◆ GIVEN RECORDS
————————

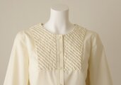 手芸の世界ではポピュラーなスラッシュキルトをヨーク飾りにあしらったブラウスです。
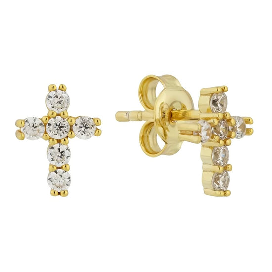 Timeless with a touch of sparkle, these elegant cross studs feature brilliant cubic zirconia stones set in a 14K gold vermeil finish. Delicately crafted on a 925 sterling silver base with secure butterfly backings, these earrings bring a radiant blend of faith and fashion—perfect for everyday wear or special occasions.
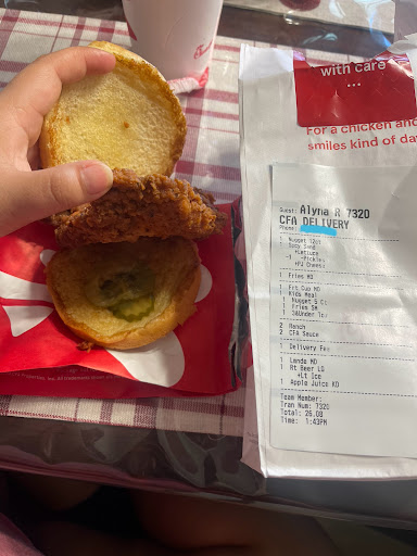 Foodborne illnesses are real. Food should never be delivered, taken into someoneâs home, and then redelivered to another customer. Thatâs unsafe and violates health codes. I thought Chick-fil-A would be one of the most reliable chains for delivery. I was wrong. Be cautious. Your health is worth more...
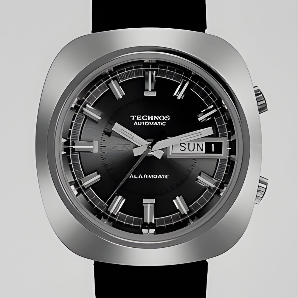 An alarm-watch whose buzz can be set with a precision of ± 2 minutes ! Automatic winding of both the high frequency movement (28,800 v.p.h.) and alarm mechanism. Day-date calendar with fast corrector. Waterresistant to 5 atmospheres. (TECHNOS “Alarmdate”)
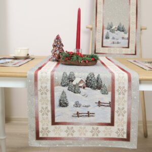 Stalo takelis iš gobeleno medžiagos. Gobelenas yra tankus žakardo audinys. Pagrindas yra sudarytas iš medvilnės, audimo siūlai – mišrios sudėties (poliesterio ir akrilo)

————————

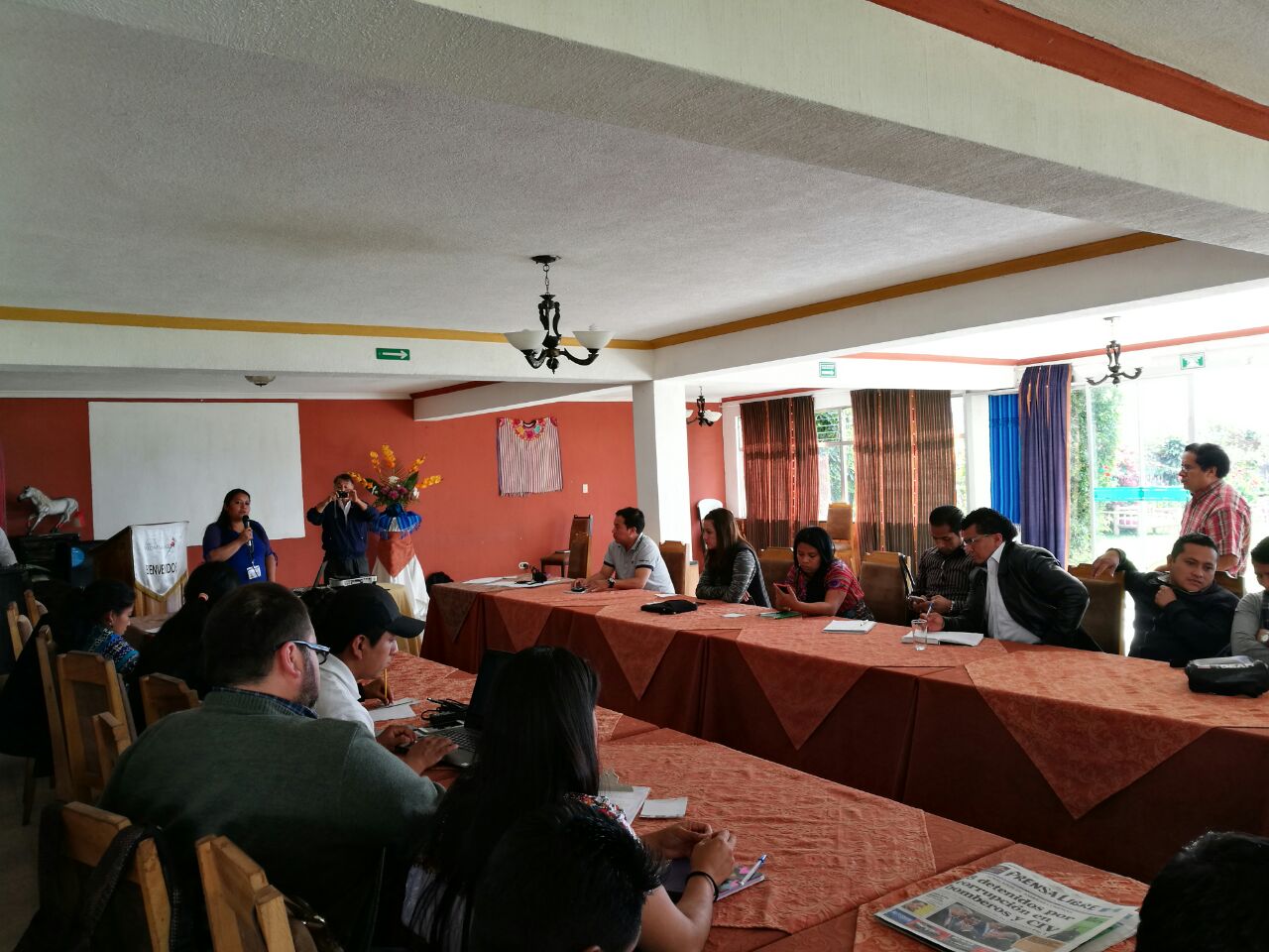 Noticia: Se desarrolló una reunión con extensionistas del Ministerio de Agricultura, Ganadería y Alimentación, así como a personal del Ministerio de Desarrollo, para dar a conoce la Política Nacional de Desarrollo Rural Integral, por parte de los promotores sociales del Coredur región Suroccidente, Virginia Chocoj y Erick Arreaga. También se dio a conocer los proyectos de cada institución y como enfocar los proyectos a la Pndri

————————

◆ YOUR GOAL
Here the job is to copy the listing above word for word, starting at the line with "An alarm-watch whose" and ending at the line with "Stalo takelis iš", and to leave out the pictures.

◆ SOLUTION FOR THIS TASK
 An alarm-watch whose buzz can be set with a precision of ± 2 minutes ! Automatic winding of both the high frequency movement (28,800 v.p.h.) and alarm mechanism. Day-date calendar with fast corrector. Waterresistant to 5 atmospheres. (TECHNOS “Alarmdate”)
 Stalo takelis iš gobeleno medžiagos. Gobelenas yra tankus žakardo audinys. Pagrindas yra sudarytas iš medvilnės, audimo siūlai – mišrios sudėties (poliesterio ir akrilo)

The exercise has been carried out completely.